● **Task item**: Make an exact copy of the entries below with the pictures removed.
Top of Entries shown
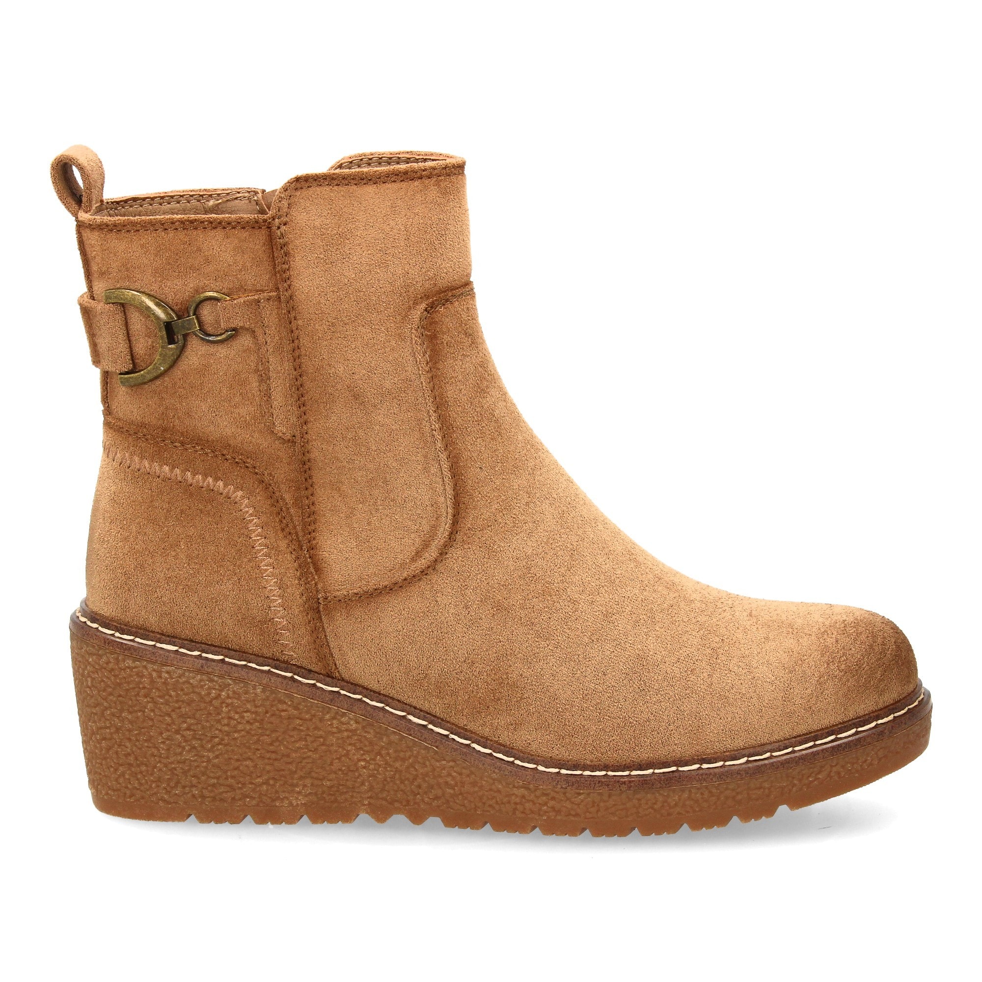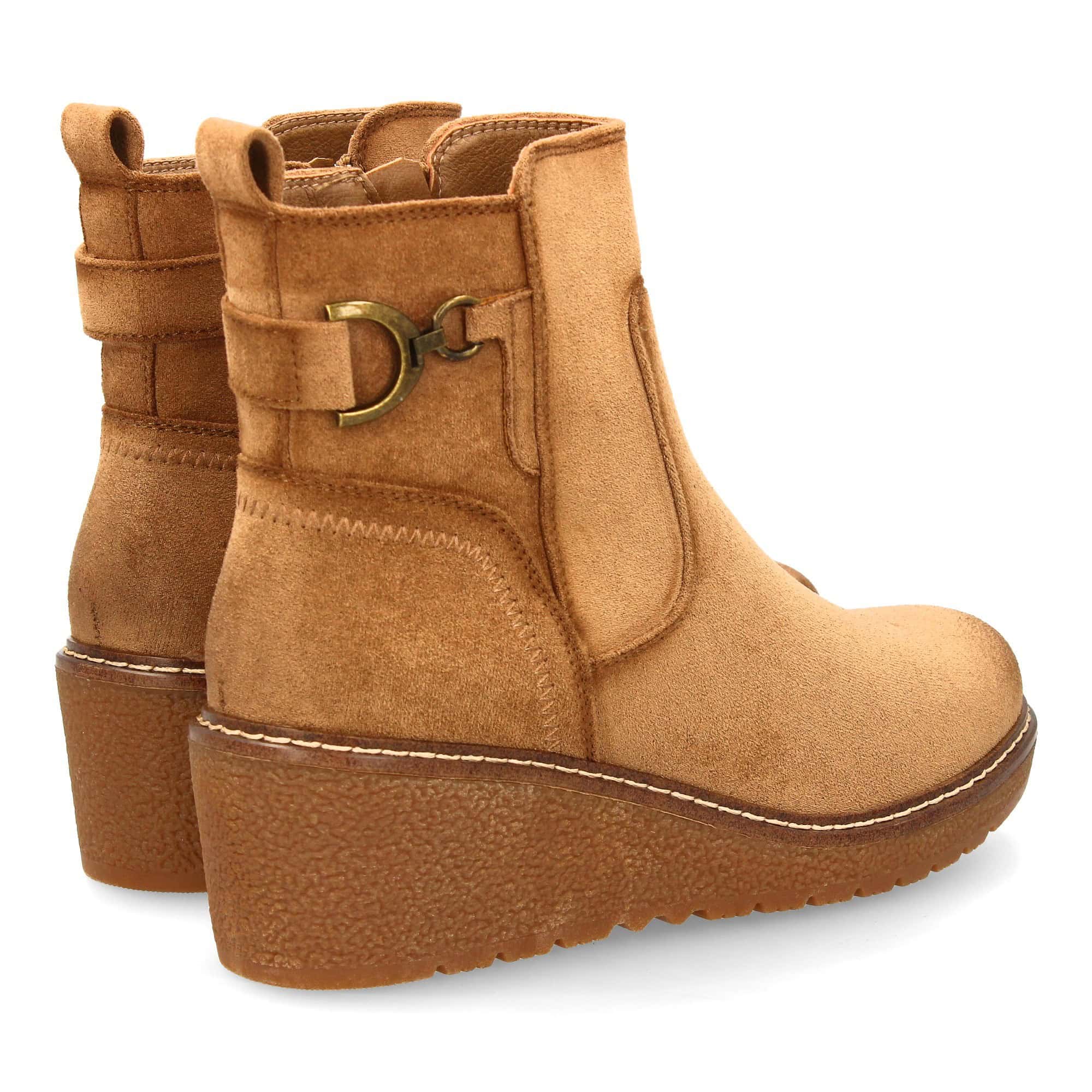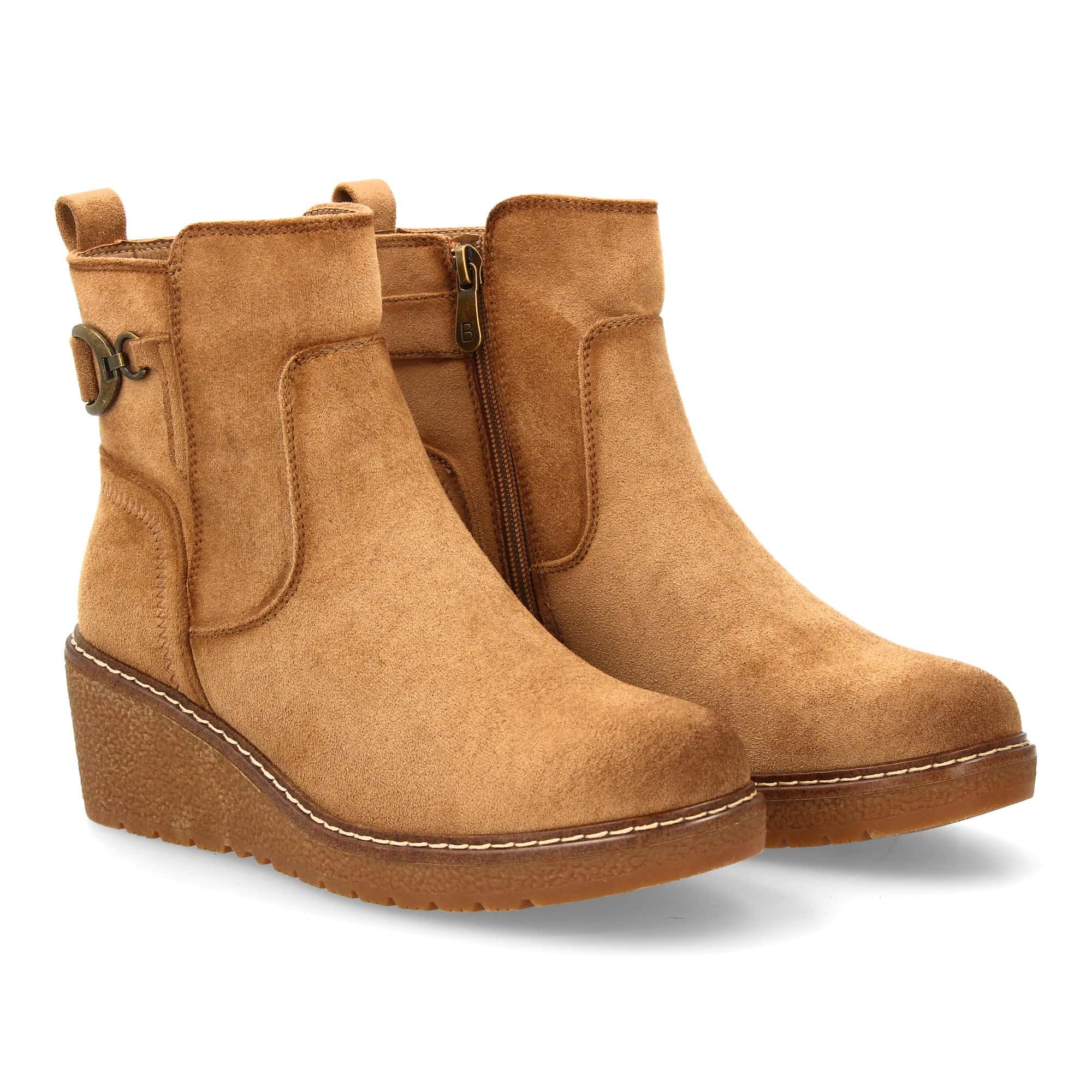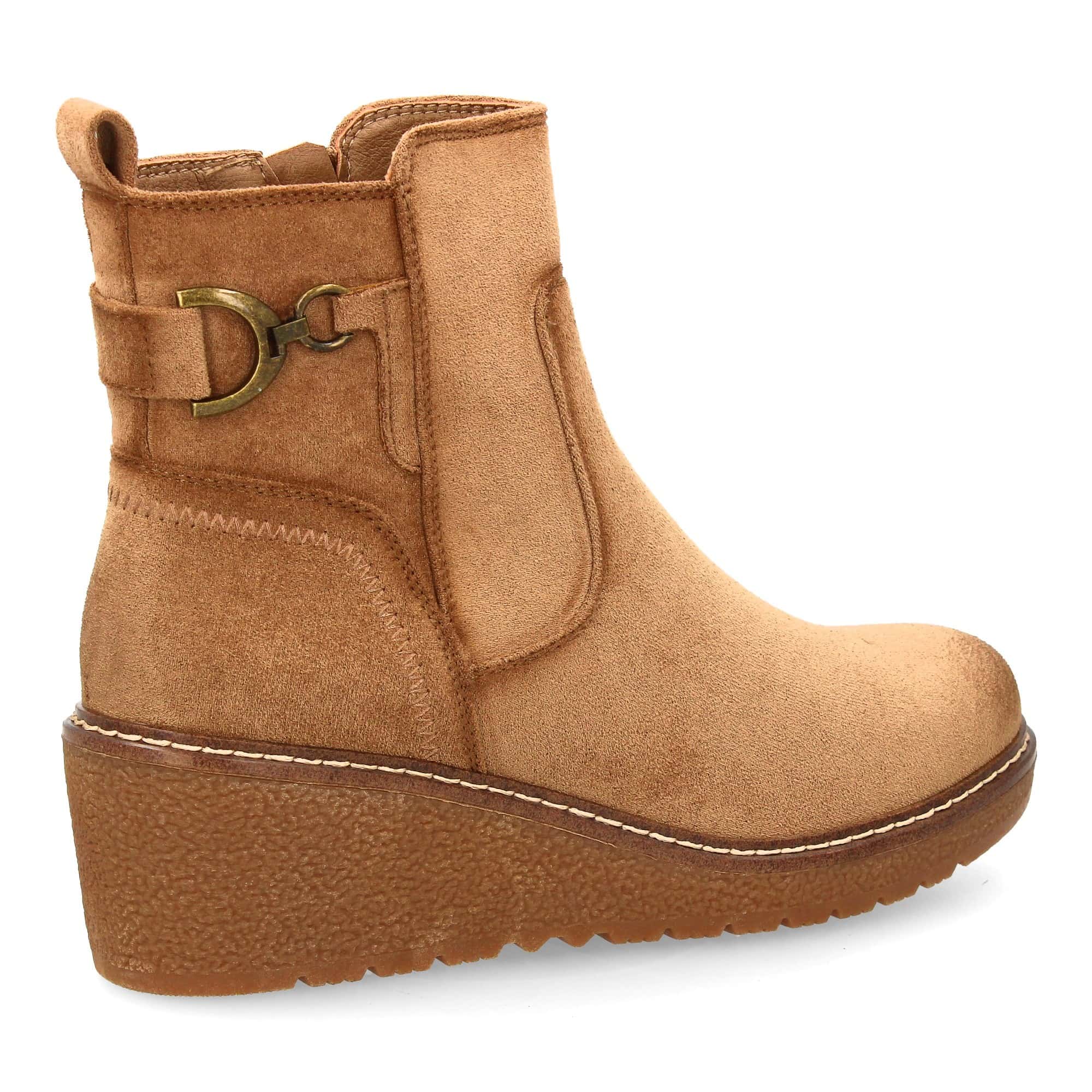 Botín para mujer con cuña cómoda para usar en el día a día. Diseño de adorno metálico lateral con estribo, cierre interior de cremallera.
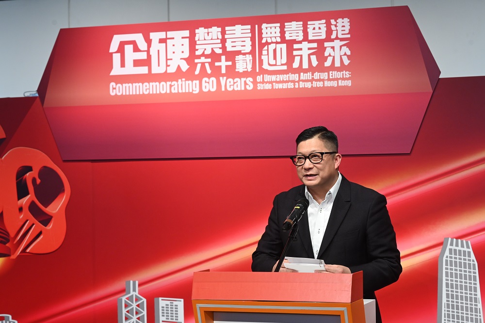 禁毒常務委員會(禁常會)成立60周年,與保安局合辦連串紀念活動。保安局長鄧炳強今日(7日)出席活動啟動儀式,致辭時重申政府將在下周五(14日)刊憲,將太空油主要成分依托咪酯列為毒品。屆時市民倘管有、吸食或販賣依托咪酯,需負嚴重刑責,執法部門已做好準備。
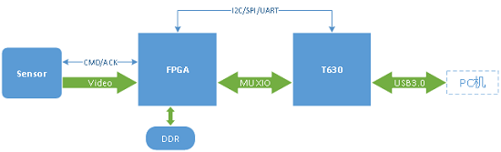 该方案可基于方寸T630高性能接口控制器芯片实现,方案前端摄像头将图像数据传输FPGA端处理,处理完的数据通过32位MUXIO连接我司接口芯片,MUXIO接口频率最高可达 120MHz,接口芯片将处理后的图像数据及视频数据通过USB3.0输出,传输速率最高可达420MB/s。该方案提供完整的SDK供客户进行定制化开发,尤其针对典型应用场景提供了源码级方案支撑,可帮助客户缩短产品开发周期、降低整体开发成本、提升产品市场竞争力。
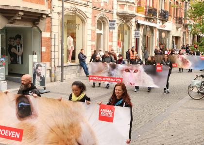 Animal Rights organiseerde afgelopen zondag, naar aanleiding van Wereldproefdierendag marsen in Nederland en België.
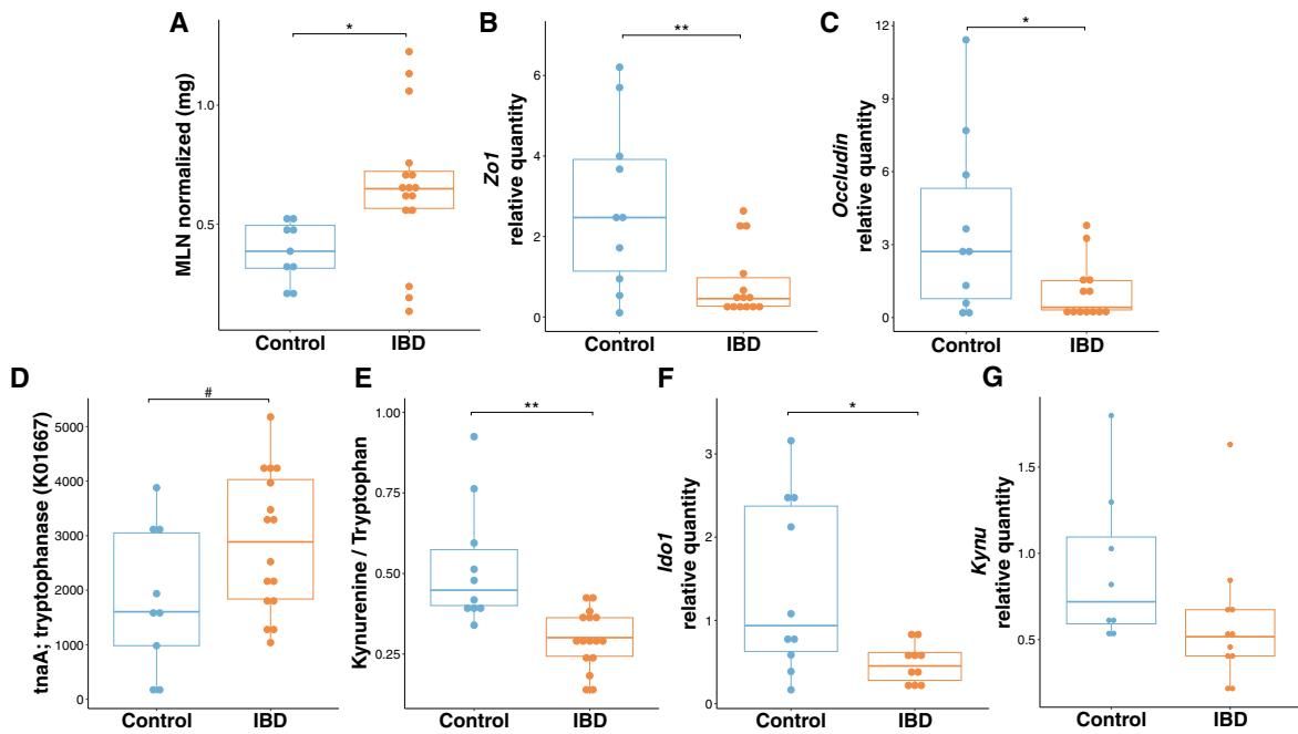 然而,在移植了“IBD二代”菌群的小鼠体内,情况发生了逆转。如图[4]所示,这些小鼠肠道中Ido1酶的表达量显著降低(图F),导致犬尿氨酸与色氨酸的比值大幅下降(图E)。这就像是身体里的“维和部队”被削减了编制,一旦有冲突发生,身体将更难平息战火。
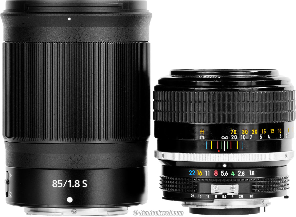 Versus Adapted Manual-Focus Lenses (1946 ~ today)Nikon Z 85mm f/1.8 (2019~) and 85mm f/1.8 AI (1964~1977). bigger or fit screen. Nikon's first 85mm f/2 came out in 1949 for its rangefinder cameras, and you can shoot that lens on your Z camera, and Nikon's first 85mm f/1.8 came out in 1964. There are many, many Nikon 85mm lenses. All of Nikon's 85mm lenses have always had excellent performance, even used today with adapters on Nikon's Z cameras. What makes this new Z 85/1.8 different is that it has even sharper performance in the laboratory in the corners wide-open at f/1.8 (all are equally sharp stopped down at normal apertures), and that of course this native Z lens autofocuses and interfaces best to the Z cameras; using old manual focus 85mm lenses leads to poorer metering and auto white balance due to the FTZ adapter's lack of coupling the lens' actual taking aperture to the camera. See the same sample images for comparison made with my 1976 85mm f/1.8 AI at it's review. Both images made at f/8 are just as insanely sharp at 45 megapixels, but the shots made with the older manual lenses are more purple in this case because auto white balance was fooled by all the green. Of course if you're crazy enough to shoot at f/1.8 in broad daylight and then look in the corners at large magnification the new lens is much sharper, too, but that's not that important: both are super sharp at f/1.8 in the center where it matters. Also remember that the 1984~1977 85mm f/1.8 was the softest 85mm ever made by Nikon for it's 35mm SLR cameras; the 85mm f/2 AI-s and 85mm f/1.4 AI-s are much better.
Bottom of Entries shown
● **Worked solution**:
 Botín para mujer con cuña cómoda para usar en el día a día. Diseño de adorno metálico lateral con estribo, cierre interior de cremallera.
 禁毒常務委員會(禁常會)成立60周年,與保安局合辦連串紀念活動。保安局長鄧炳強今日(7日)出席活動啟動儀式,致辭時重申政府將在下周五(14日)刊憲,將太空油主要成分依托咪酯列為毒品。屆時市民倘管有、吸食或販賣依托咪酯,需負嚴重刑責,執法部門已做好準備。
 该方案可基于方寸T630高性能接口控制器芯片实现,方案前端摄像头将图像数据传输FPGA端处理,处理完的数据通过32位MUXIO连接我司接口芯片,MUXIO接口频率最高可达 120MHz,接口芯片将处理后的图像数据及视频数据通过USB3.0输出,传输速率最高可达420MB/s。该方案提供完整的SDK供客户进行定制化开发,尤其针对典型应用场景提供了源码级方案支撑,可帮助客户缩短产品开发周期、降低整体开发成本、提升产品市场竞争力。
 Animal Rights organiseerde afgelopen zondag, naar aanleiding van Wereldproefdierendag marsen in Nederland en België.
 然而,在移植了“IBD二代”菌群的小鼠体内,情况发生了逆转。如图[4]所示,这些小鼠肠道中Ido1酶的表达量显著降低(图F),导致犬尿氨酸与色氨酸的比值大幅下降(图E)。这就像是身体里的“维和部队”被削减了编制,一旦有冲突发生,身体将更难平息战火。
 Versus Adapted Manual-Focus Lenses (1946 ~ today)Nikon Z 85mm f/1.8 (2019~) and 85mm f/1.8 AI (1964~1977). bigger or fit screen. Nikon's first 85mm f/2 came out in 1949 for its rangefinder cameras, and you can shoot that lens on your Z camera, and Nikon's first 85mm f/1.8 came out in 1964. There are many, many Nikon 85mm lenses. All of Nikon's 85mm lenses have always had excellent performance, even used today with adapters on Nikon's Z cameras. What makes this new Z 85/1.8 different is that it has even sharper performance in the laboratory in the corners wide-open at f/1.8 (all are equally sharp stopped down at normal apertures), and that of course this native Z lens autofocuses and interfaces best to the Z cameras; using old manual focus 85mm lenses leads to poorer metering and auto white balance due to the FTZ adapter's lack of coupling the lens' actual taking aperture to the camera. See the same sample images for comparison made with my 1976 85mm f/1.8 AI at it's review. Both images made at f/8 are just as insanely sharp at 45 megapixels, but the shots made with the older manual lenses are more purple in this case because auto white balance was fooled by all the green. Of course if you're crazy enough to shoot at f/1.8 in broad daylight and then look in the corners at large magnification the new lens is much sharper, too, but that's not that important: both are super sharp at f/1.8 in the center where it matters. Also remember that the 1984~1977 85mm f/1.8 was the softest 85mm ever made by Nikon for it's 35mm SLR cameras; the 85mm f/2 AI-s and 85mm f/1.4 AI-s are much better.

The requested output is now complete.